**What is required**: Leave out the pictures and set down exactly the lines from the start of the listing through the one with "Station Kolomenskaya - Métro", both included.

**Data section**:
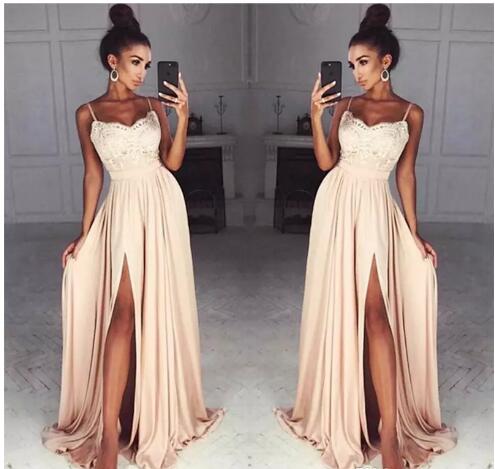 2018 Chiffon Prom Dresses, Long Spaghetti Straps Prom Dress, Side Split Sexy Cocktail Party Dress Custom Made
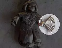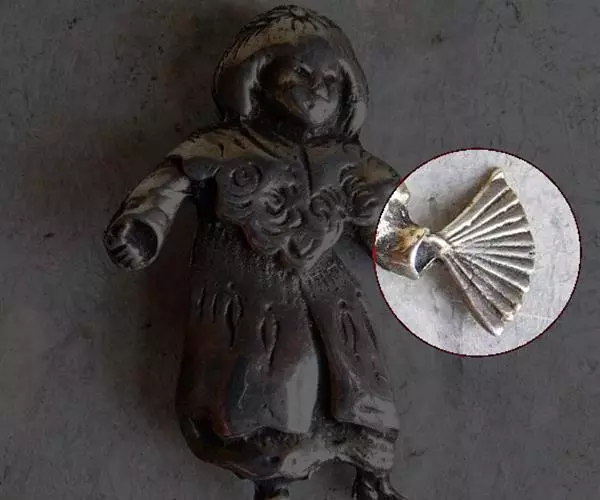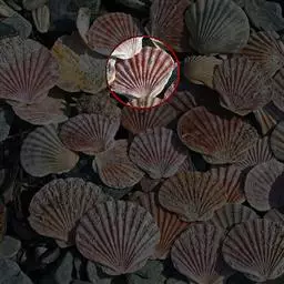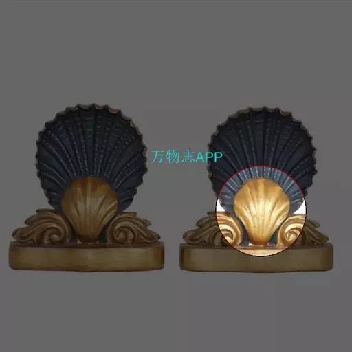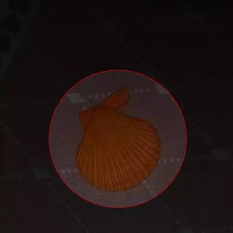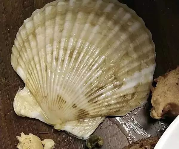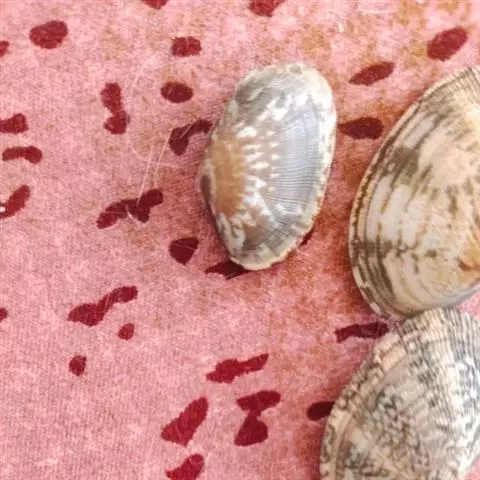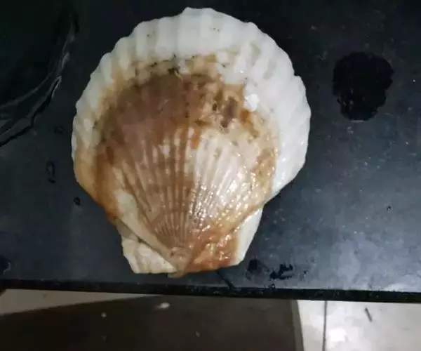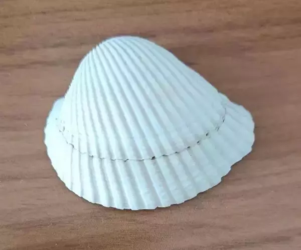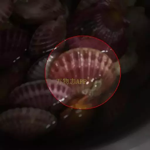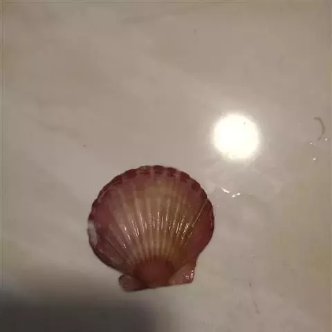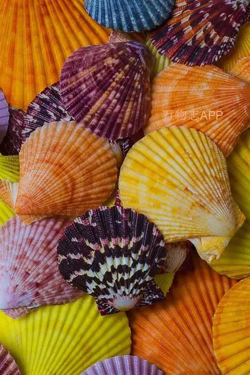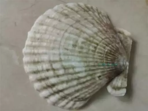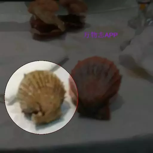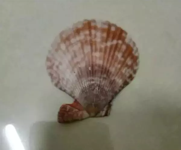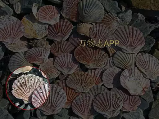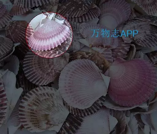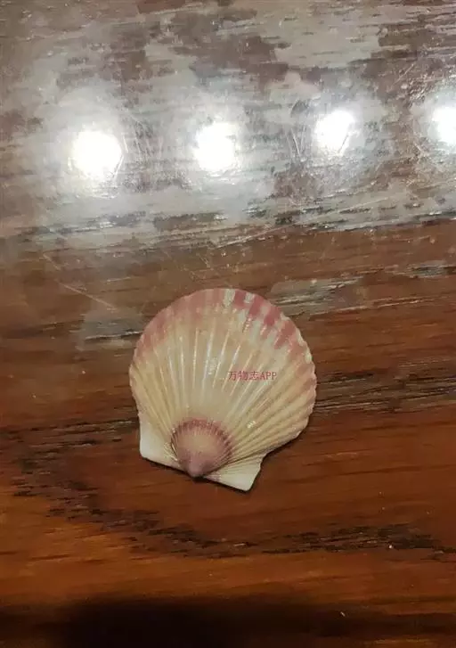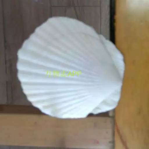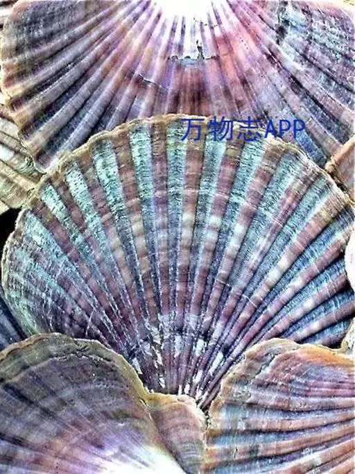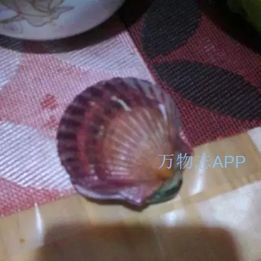 贝壳中等大小,壳质较薄,但很坚韧,呈圆形。壳较凸,两壳及壳两侧均略等,壳背缘较直,腹缘及前、后缘均呈圆形。两壳关闭时两侧略留有狭孔。壳顶尖、低,不突出壳背缘。壳顶前方和后方有壳耳左壳两耳略等右壳前耳略较后耳小,呈长方形其他皆呈三角形足丝孔位于右壳前耳下方,较小,呈三角形,具数枚细栉柿齿。壳表多呈灰褐色或浅黄褐色,具深褐色或紫褐色云状花斑,一般左壳的颜色较浅而右壳较深。两壳面皆布满放射肋肋呈圆形,较光滑,约有18条左右,肋上的生长小棘较低平左壳肋较窄,肋间距离较宽右壳相反,肋较宽而肋间距离较窄。贝壳内面色浅,略近白色,稍具光泽闭壳肌痕略显,近圆形有与壳面相应的肋与沟。铰合部较细长,韧带深褐色,位于三角形的韧带槽中,中央关节较明显。
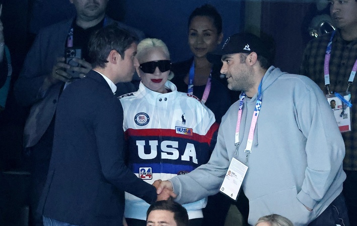 Lady Gaga i jej narzeczony Michael Polansky biorą udział w zwycięstwie Léona Marchanda w biegu na 400 m stylem zmiennym podczas Igrzysk Olimpijskich w Paryżu w 2024 r. (OG) w Paris La Defense Arena w Nanterre
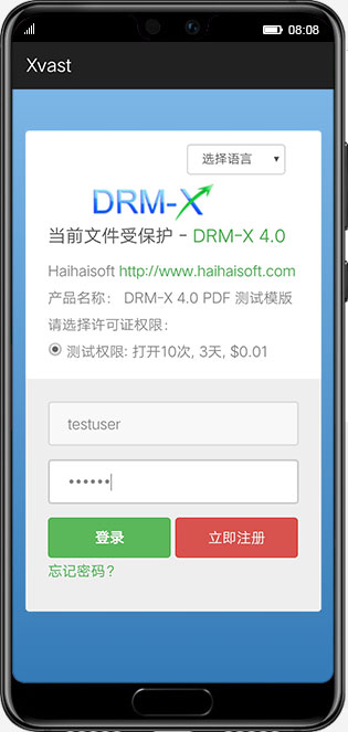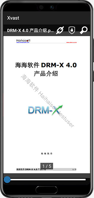 使用海海软件的 DRM-X 4.0 加密平台加密的 PDF 文档可以安全地分发到安卓设备。用户阅读加密的 PDF 文档时,Xvast 浏览器会禁止截屏。您还可以通过 DRM-X 4.0 的权限设置,为加密文件添加数字水印。用户信息将以对角线方式显示在屏幕上。DRM-X 4.0 加密技术,为您的文档内容提供安全的阅读环境。
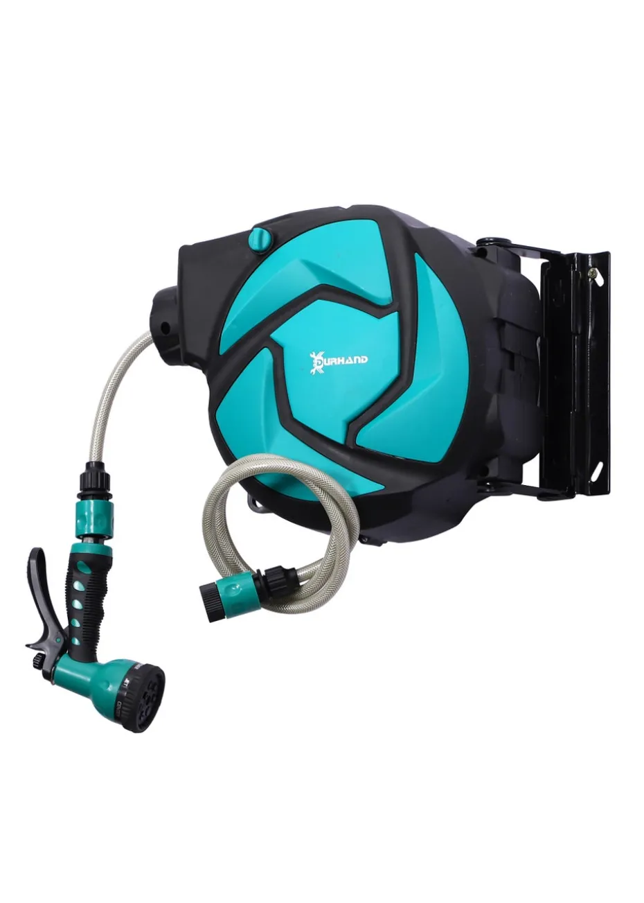 DURHAND 10m Garden Auto Hose Reel Wall Mounted Retractable 7 Patterns Spray Nozzle
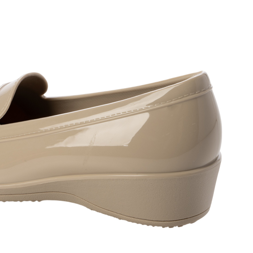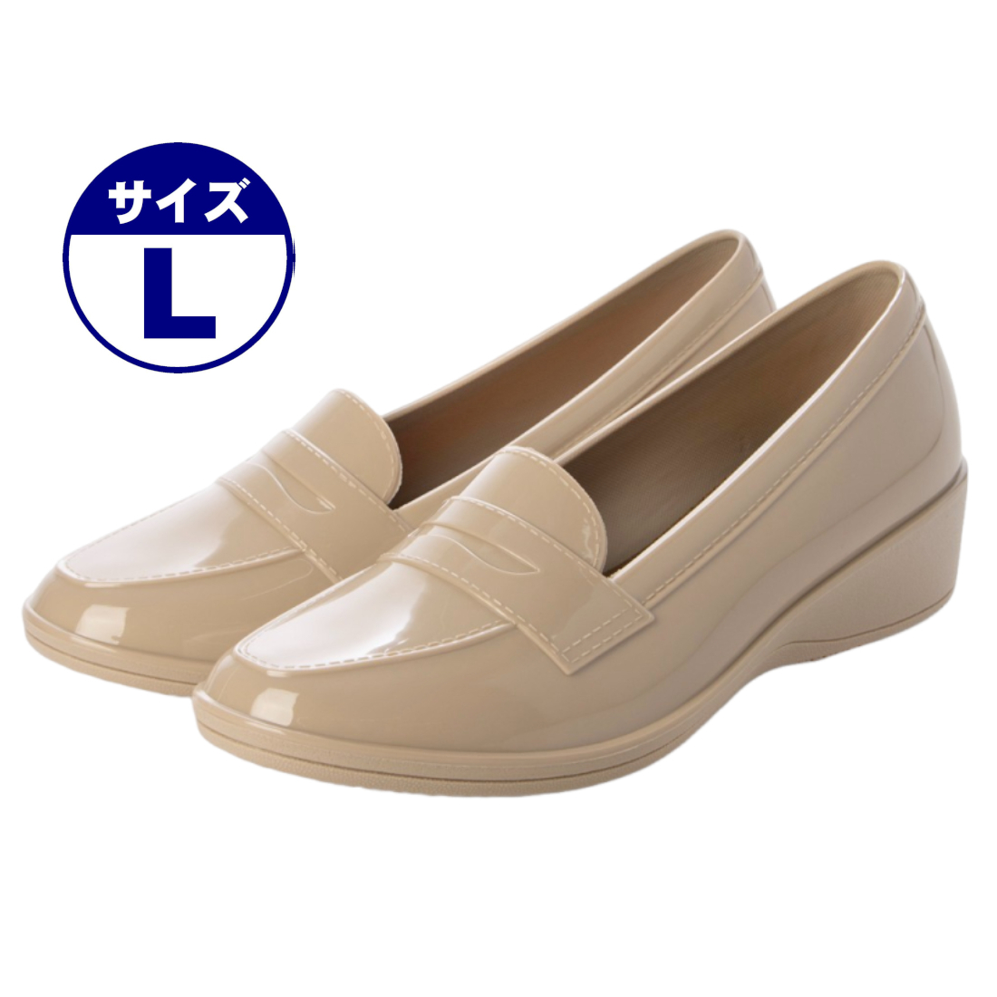 エナメル調仕上げで足元をエレガントに演出。にわか雨に備えて、おすすめの晴雨兼用ローファーです。
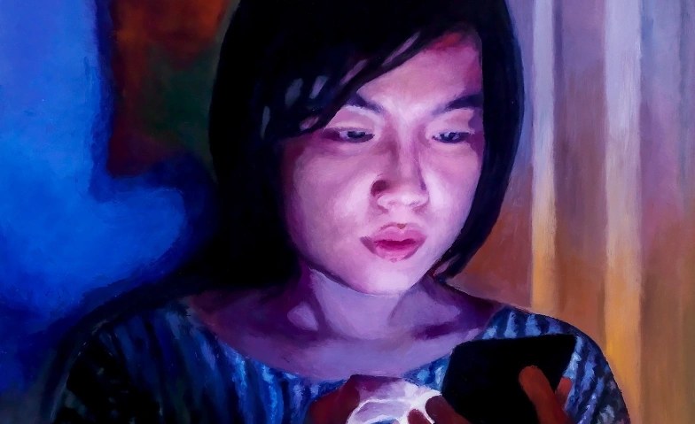 Silvia Gertschs Serie Handy Girls zeigt Porträts junger Frauen, die hochkonzentriert auf ihre Smartphones blicken. Der Widerschein der Bildschirme legt sich auf die Gesichter und taucht sie in geheimnisvolles Licht. Handy und junge Frau verschmelzen zu einer Einheit, die ein Mysterium zu bergen scheint. Auch die Heiligen in den historischen Hinterglasgemälden sind in übernatürliches Licht getaucht. Sie bilden mit der Lichtquelle, die anders als das Handy ausserhalb der menschlichen Sphäre liegt, eine mystische Einheit.
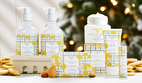 Collection shot of Beekman 1802's Almond honey Cookie bodycare products surrounded by cookies and a christmas tree in the background.
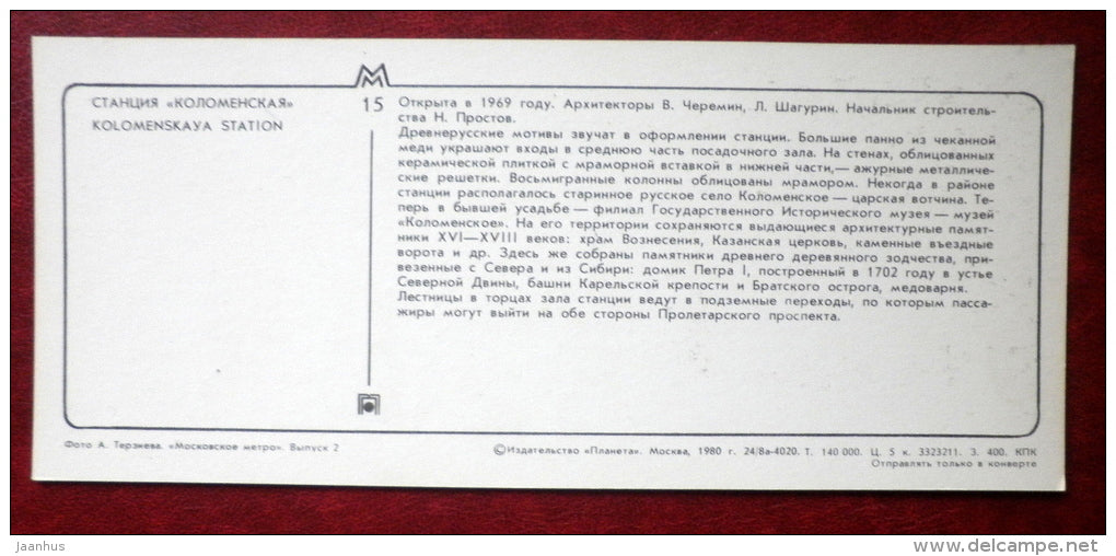 Station Kolomenskaya - Métro de Moscou - métro - Moscou - 1980 - Russie URSS - inutilisé
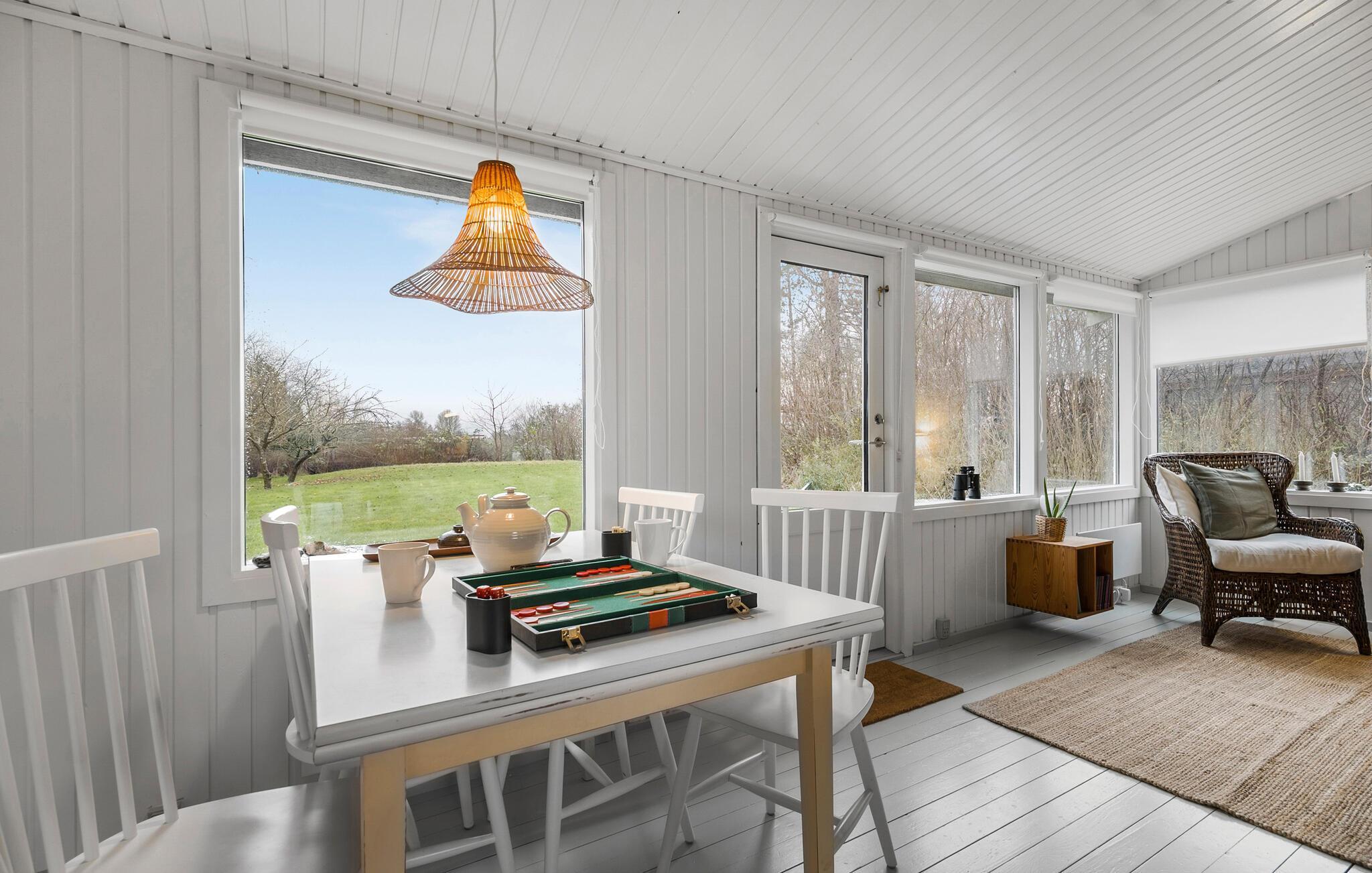 Kun få skridt fra vandet ligger dette smagfulde sommerhus, hvor der hersker en skøn ro. Tilbered dagens måltider i det moderne og veludstyrede køkken og dæk op i den indbydende stue. Om aftenen skaber brændeovnen en ekstra hyggelig atmosfære, mens I streamer en god serie eller hygger med brætspil.
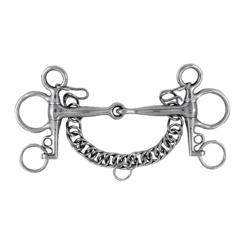 The Pelham bit combines the function of a snaffle and the action of a curb bit. The top rein provides snaffle pressure to the tongue and corners of the mouth, while the bottom rein increases leverage and curb chain pressure. The Tom Thumb cheeks are shorter than on a traditional pelham making this a better bit for a less experienced rider due to the reduced curb action available. The single joint applies a nut cracker action which applies pressure to the tongue, the bars of the mouth and the horse's palate.

**The completed task**:
 2018 Chiffon Prom Dresses, Long Spaghetti Straps Prom Dress, Side Split Sexy Cocktail Party Dress Custom Made
 贝壳中等大小,壳质较薄,但很坚韧,呈圆形。壳较凸,两壳及壳两侧均略等,壳背缘较直,腹缘及前、后缘均呈圆形。两壳关闭时两侧略留有狭孔。壳顶尖、低,不突出壳背缘。壳顶前方和后方有壳耳左壳两耳略等右壳前耳略较后耳小,呈长方形其他皆呈三角形足丝孔位于右壳前耳下方,较小,呈三角形,具数枚细栉柿齿。壳表多呈灰褐色或浅黄褐色,具深褐色或紫褐色云状花斑,一般左壳的颜色较浅而右壳较深。两壳面皆布满放射肋肋呈圆形,较光滑,约有18条左右,肋上的生长小棘较低平左壳肋较窄,肋间距离较宽右壳相反,肋较宽而肋间距离较窄。贝壳内面色浅,略近白色,稍具光泽闭壳肌痕略显,近圆形有与壳面相应的肋与沟。铰合部较细长,韧带深褐色,位于三角形的韧带槽中,中央关节较明显。
 Lady Gaga i jej narzeczony Michael Polansky biorą udział w zwycięstwie Léona Marchanda w biegu na 400 m stylem zmiennym podczas Igrzysk Olimpijskich w Paryżu w 2024 r. (OG) w Paris La Defense Arena w Nanterre
 使用海海软件的 DRM-X 4.0 加密平台加密的 PDF 文档可以安全地分发到安卓设备。用户阅读加密的 PDF 文档时,Xvast 浏览器会禁止截屏。您还可以通过 DRM-X 4.0 的权限设置,为加密文件添加数字水印。用户信息将以对角线方式显示在屏幕上。DRM-X 4.0 加密技术,为您的文档内容提供安全的阅读环境。
 DURHAND 10m Garden Auto Hose Reel Wall Mounted Retractable 7 Patterns Spray Nozzle
 エナメル調仕上げで足元をエレガントに演出。にわか雨に備えて、おすすめの晴雨兼用ローファーです。
 Silvia Gertschs Serie Handy Girls zeigt Porträts junger Frauen, die hochkonzentriert auf ihre Smartphones blicken. Der Widerschein der Bildschirme legt sich auf die Gesichter und taucht sie in geheimnisvolles Licht. Handy und junge Frau verschmelzen zu einer Einheit, die ein Mysterium zu bergen scheint. Auch die Heiligen in den historischen Hinterglasgemälden sind in übernatürliches Licht getaucht. Sie bilden mit der Lichtquelle, die anders als das Handy ausserhalb der menschlichen Sphäre liegt, eine mystische Einheit.
 Collection shot of Beekman 1802's Almond honey Cookie bodycare products surrounded by cookies and a christmas tree in the background.
 Station Kolomenskaya - Métro de Moscou - métro - Moscou - 1980 - Russie URSS - inutilisé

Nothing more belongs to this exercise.